Well, sleeping rough has been an asset after all. I got around a lot, didn't have to work much and learned to sleep even in dangerous circumstances (like storms a thousand miles from land). But the ideology behind it, the detachment and enlightenment - either nonsense or very suspect indeed. Hesse and his hippy values needed dissecting too, once Rawat was binned.

So there I think is some explanation for my eccentric behaviour, and in looking back, it seems plain that I didn't really have a choice - I used all the knowledge I had, which at that young age, wasn't enough to make a sound judgement. I think some never do acquire the experience to be able to re-evaluate things, or never have the incentive. I didn't really, till I wandered onto this forum, and that was a half-hearted bit of mild curiosity. My Mrs had just done an actual course in critical thinking at university, and I found that intriguing, and then with the cult thinking - I had something to apply new tools to.
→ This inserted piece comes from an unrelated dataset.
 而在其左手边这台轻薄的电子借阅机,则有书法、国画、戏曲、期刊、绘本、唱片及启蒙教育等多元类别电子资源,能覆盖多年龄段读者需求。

I'm grateful the way things turned out after all, and don't really have regrets as I think circumstances then didn't offer options, and I think it unfair to judge those still lost in the cult as they simply haven't come across the tools and incentive to change course. We are where we are, probably more by luck than anything else.

I just looked it up - it turns out black bears that live near human habitation are nocturnal.
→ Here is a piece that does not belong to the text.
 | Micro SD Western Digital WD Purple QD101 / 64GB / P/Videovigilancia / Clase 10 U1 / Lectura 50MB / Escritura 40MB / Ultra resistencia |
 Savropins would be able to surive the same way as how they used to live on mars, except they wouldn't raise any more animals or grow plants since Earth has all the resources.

Re: Influences before Rawat
Posted by: aunt bea
Post title: Re: Influences before Rawat
Date: 10/01/2025, 07:10:05
Original URL: Click here (However, the link may be stale.)
That was a fun read. Especially the parts about where you slept. I don't have anything great to contribute to it. I think you are right at least for some of us that we already had started a trajectory which we bent to accommodate Rawat. Or it is an interesting way to look at it. Another explanation often expressed is that someone was in a vulnerable state and then at that moment receptive to the kind of bait that Rawatism and premies were tossing into your pond. A bit of chance there too. That is how my mother would explain her involvement. Sometimes it was just loneliness and wanting to belong to something that made you feel good about yourself. Is that all the same thing?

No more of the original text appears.